Comments   0   Date Arrow  October 13, 2004 at 3:12pm   User  by joel

…At least, that’s what says. I came across a link today (already forgotten where) to their Presidential Candidate Selector (epileptic ad alert), and figured I’d give it a go. The idea is similar to any of the myriad online quizzes that purport to help you figure out which Star Wars character/Sopranos character/operating system/celebrity/philosopher/rock/tree/fruit you happen to “be”. It was only 17 questions, so I figured I’d give it a go. These were my results:

  1. Your ideal theoretical candidate. (100%)
  2. Bush, President George W. – Republican (67%)
  3. Badnarik, Michael – Libertarian (46%)
  4. Kerry, Senator John, MA – Democrat (45%)
  5. Cobb, David – Green Party (36%)
  6. Nader, Ralph – Independent (36%)
  7. Peroutka, Michael – Constitution Party (31%)
  8. Brown, Walt – Socialist Party (23%)

This was surprisingly accurate, believe it or not. Of course I didn’t expect to find anyone agree with me 100% except perhaps myself, and last I checked I’m not on the ballot (for which we can all be thankful). And while my thoughts on many issues match or are mostly compatible with those of Bush, there are some issues on which he and I see differently. For example, I’m fairly opposed to some of the provisions of the Patriot Act, particularly those which seem to run counter to well-established constitutionally-protected civil liberties. To paraphrase Ben Franklin, if you give up liberty to gain security you’ll lose both. And I’m somewhat concerned about the current approach to the problems in Iraq, although I’d probably agree more with the John McCain more-boots-on-the-ground position than the John Kerry pull-out-and-leave-em-hanging approach. I confess that when I hear of Michael Moore’s Minutemen setting off car bombs on kids waiting in line for candy, I get the urge to sign up myself. But I digress…

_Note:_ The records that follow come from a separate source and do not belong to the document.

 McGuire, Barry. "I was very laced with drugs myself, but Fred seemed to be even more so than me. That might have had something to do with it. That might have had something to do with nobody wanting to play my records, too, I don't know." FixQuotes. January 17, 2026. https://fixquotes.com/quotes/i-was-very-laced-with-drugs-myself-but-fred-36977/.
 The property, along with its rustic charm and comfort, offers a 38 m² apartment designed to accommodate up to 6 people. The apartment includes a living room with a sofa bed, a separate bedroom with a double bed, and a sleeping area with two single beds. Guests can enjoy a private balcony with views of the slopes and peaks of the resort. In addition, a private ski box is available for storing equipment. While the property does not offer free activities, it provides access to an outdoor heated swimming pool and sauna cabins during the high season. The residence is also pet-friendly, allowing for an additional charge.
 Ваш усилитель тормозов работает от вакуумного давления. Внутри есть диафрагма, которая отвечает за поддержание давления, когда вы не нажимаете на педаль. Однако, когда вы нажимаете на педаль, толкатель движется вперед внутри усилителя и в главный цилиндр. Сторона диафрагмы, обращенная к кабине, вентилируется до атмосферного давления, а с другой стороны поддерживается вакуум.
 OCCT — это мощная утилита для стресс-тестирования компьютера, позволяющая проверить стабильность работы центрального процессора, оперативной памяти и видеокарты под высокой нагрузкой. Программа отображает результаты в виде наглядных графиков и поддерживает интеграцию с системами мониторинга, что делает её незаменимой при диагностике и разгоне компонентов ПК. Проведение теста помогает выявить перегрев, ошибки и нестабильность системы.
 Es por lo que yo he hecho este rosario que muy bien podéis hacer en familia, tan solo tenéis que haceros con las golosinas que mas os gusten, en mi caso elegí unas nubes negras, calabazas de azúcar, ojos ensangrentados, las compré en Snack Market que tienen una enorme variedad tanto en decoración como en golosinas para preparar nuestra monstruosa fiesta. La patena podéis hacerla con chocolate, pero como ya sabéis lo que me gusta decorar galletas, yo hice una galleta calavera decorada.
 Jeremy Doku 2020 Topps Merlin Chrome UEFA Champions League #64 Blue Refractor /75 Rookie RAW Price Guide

That Libertarian Michael Badnarik came in above Kerry, if only slightly, sounds about right as well. There are elements of the Libertarian approach to things that I agree with very much. The Advocates for Self-Government, a Libertarian website, has a fairly well-regarded, brief political quiz that breaks down the differences between political persuasions in a fairly concise way. The basic idea is that there are really just two areas of government activity that influence your political leanings: your personal life and the economy. Think the government should stay out of your personal life but take responsibility for your economic well-being? You’ll probably agree with the liberal side of things. Want the government to maintain a certain moral standard but keep out of your finances? You’ll feel more at home with conservative viewpoints. Centrists want to sit back and talk it over, authoritarians (both socialists and fascists) want more government control in both areas, to varying degrees of course, and libertarians will happily tell Uncle Sam to take a hike, thank you very much.

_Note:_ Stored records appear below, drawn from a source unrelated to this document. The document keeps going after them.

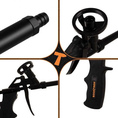 Wytrzymałe całkowicie metalowe body zapewnia niezawodność i długą żywotność nawet przy intensywnym użytkowaniu. Ergonomiczna rękojeść z antypoślizgową powierzchnią wygodnie leży w dłoni i minimalizuje zmęczenie podczas dłuższej pracy. Pistolet jest kompatybilny z większością standardowych puszek z pianą PU.
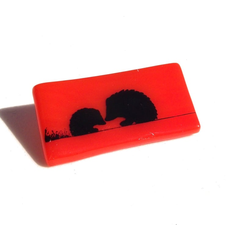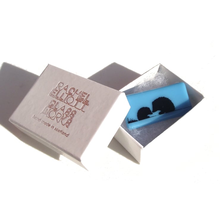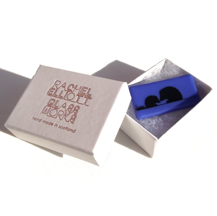 These brooches are handmade from opaque coloured flat glass with a hedgehogs silhouette design, hand screen printed in kiln fired enamel onto the surface. After firing, it is carefully digitally cooled for strength and safety, before being mounted on a nickel-free silver plated brooch finding and come in a gift box with a story card.
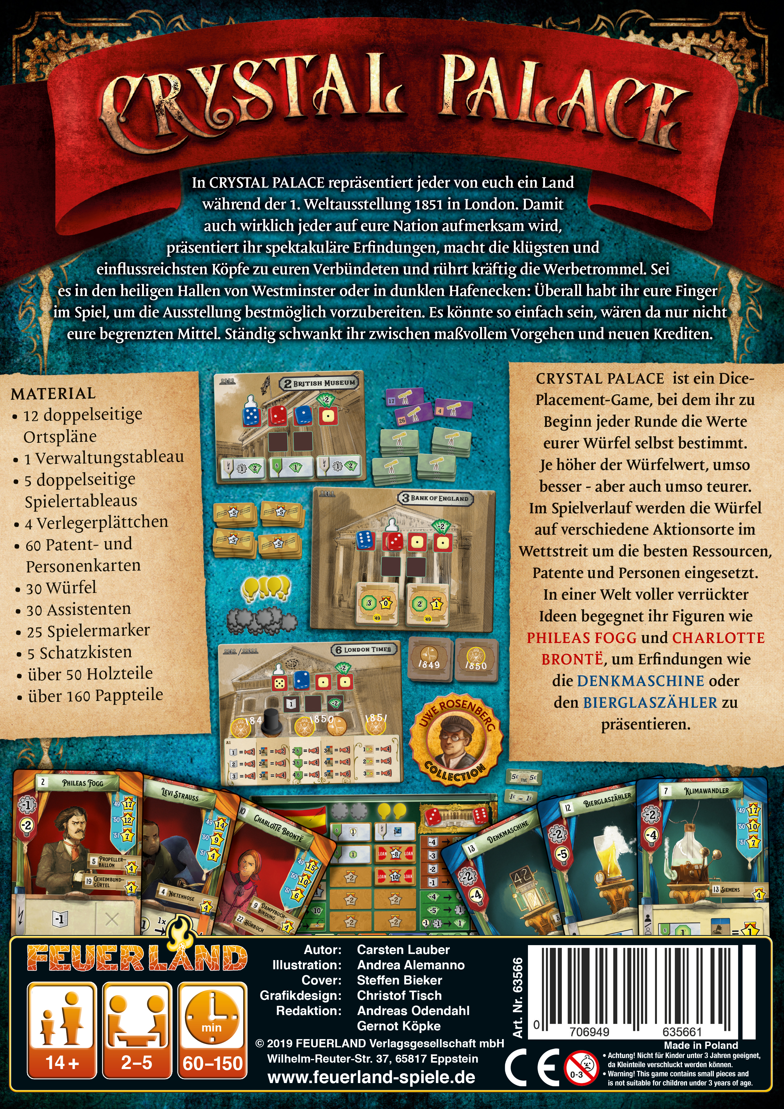 CRYSTAL PALACE ist ein Dice-Placement-Game, bei dem die Spieler zu Beginn jeder Runde die Werte ihrer Würfel selbst bestimmt. Je höher der Würfelwert, umso besser - aber auch umso teurer. Im Spielverlauf werden die Würfel auf verschiedene Aktionsorte im Wettstreit um die besten Ressourcen, Patente und Personen eingesetzt. In einer Welt voller verrückter Ideen begegnen sie Figuren wie PHILEAS FOGG und CHARLOTTE BRONTË, um Erfindungen wie die DENKMASCHINE oder den BIERGLASZÄHLER zu präsentieren.

I tend to agree with the libertarian positions when it comes to economic issues. For example, I have a pretty serious problem with “corporate welfare”-type situations, where the government dumps loads of money into an industry just to keep it going. Take the railroads, for instance. Or the airlines. There is no constitutional guarantee that every citizen will have affordable access to an airplane (hey Delta, if you can’t figure out a way to keep flying and stay in business, maybe it’s time to move over and make room for someone who can). And on a more personal economic level, if I’m too lazy to get off my rear and earn an honest buck, why does the government owe me anything? However, I tend not to agree with Libertarians (or Democrats, for that matter) on personal/social issues, like gay marriage and abortion. Which probably explains why Badnarik is only slightly ahead of Kerry.